* **Source records**
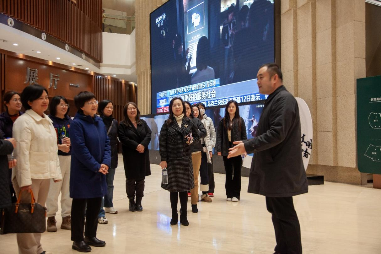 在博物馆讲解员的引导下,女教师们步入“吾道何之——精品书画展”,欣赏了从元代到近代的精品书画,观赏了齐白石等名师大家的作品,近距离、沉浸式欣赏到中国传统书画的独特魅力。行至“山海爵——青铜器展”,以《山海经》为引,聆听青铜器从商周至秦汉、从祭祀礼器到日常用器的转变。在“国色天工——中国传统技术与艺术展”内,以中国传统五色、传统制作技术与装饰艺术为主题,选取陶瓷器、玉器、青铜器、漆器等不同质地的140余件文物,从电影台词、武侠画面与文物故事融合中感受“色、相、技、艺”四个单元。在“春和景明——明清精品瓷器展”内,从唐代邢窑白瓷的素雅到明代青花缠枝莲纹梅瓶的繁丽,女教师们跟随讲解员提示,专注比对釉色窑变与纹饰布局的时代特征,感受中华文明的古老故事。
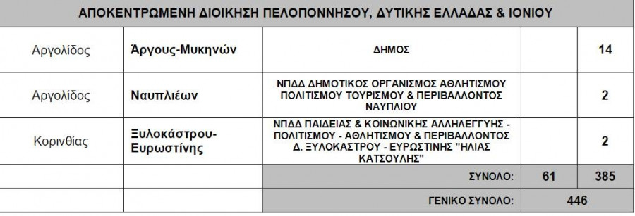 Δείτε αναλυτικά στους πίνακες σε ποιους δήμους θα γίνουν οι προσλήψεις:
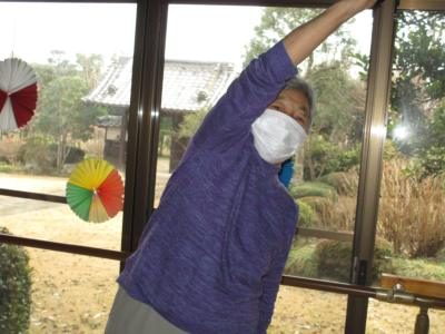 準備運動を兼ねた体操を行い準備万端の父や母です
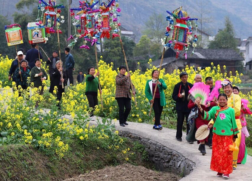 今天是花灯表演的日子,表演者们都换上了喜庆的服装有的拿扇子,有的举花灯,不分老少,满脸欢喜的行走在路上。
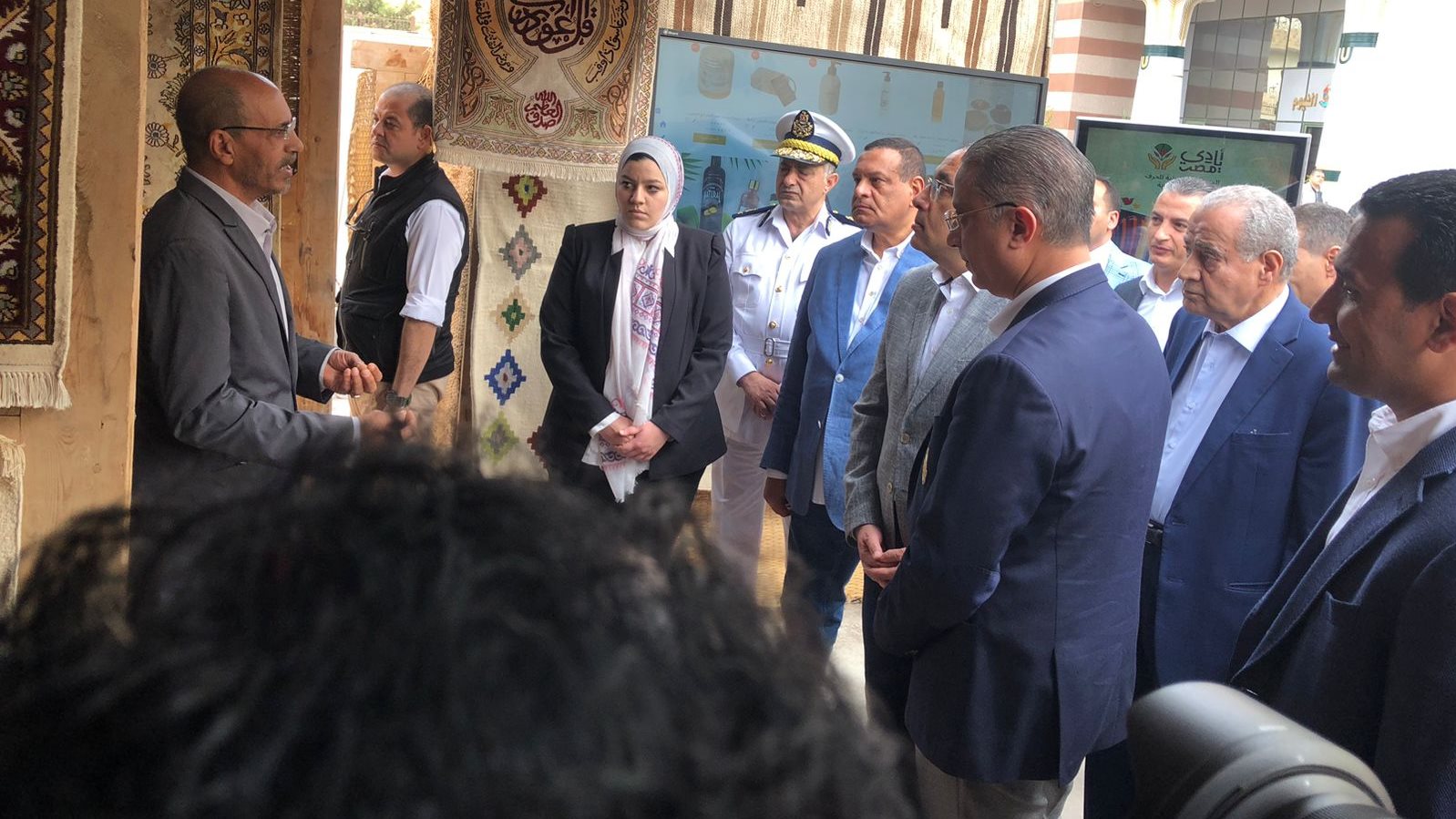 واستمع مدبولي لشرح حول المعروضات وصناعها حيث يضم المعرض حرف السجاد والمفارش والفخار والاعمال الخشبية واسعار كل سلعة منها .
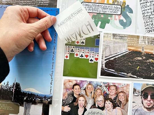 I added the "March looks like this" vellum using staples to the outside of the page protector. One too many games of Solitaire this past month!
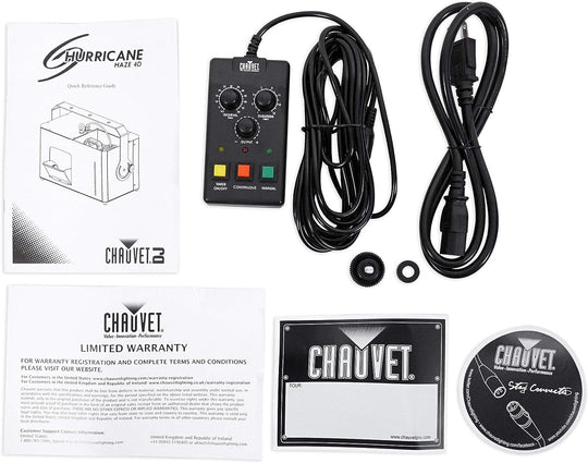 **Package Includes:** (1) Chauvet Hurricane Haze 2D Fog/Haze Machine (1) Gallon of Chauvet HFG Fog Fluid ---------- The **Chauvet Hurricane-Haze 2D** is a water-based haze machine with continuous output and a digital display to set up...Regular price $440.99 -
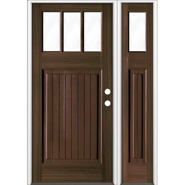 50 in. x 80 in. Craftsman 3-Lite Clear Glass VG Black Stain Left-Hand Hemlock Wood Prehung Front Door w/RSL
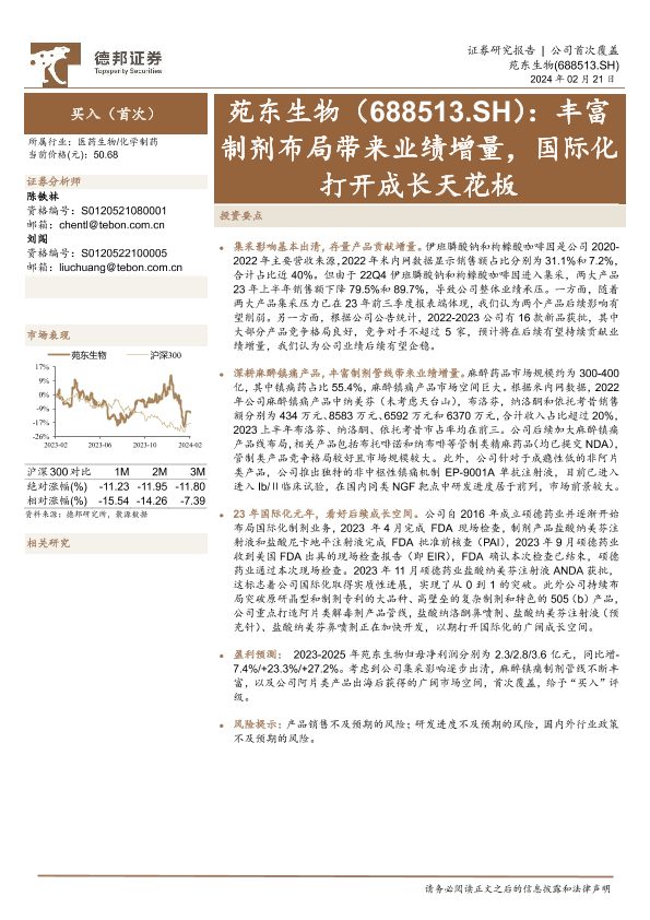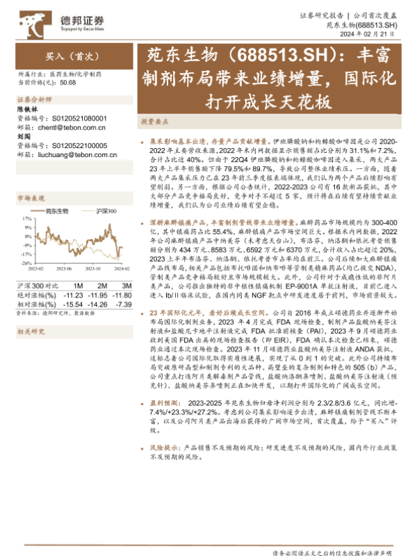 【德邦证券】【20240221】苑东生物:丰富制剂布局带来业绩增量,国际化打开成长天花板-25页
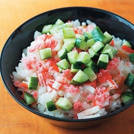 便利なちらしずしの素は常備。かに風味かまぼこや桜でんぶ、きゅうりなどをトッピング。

* **Problem statement**
Output exactly the lines above that lie between the line with "واستمع مدبولي لشرح" and the line with "I added the", those two lines included, and no pictures.

* **Expected output**
 واستمع مدبولي لشرح حول المعروضات وصناعها حيث يضم المعرض حرف السجاد والمفارش والفخار والاعمال الخشبية واسعار كل سلعة منها .
 I added the "March looks like this" vellum using staples to the outside of the page protector. One too many games of Solitaire this past month!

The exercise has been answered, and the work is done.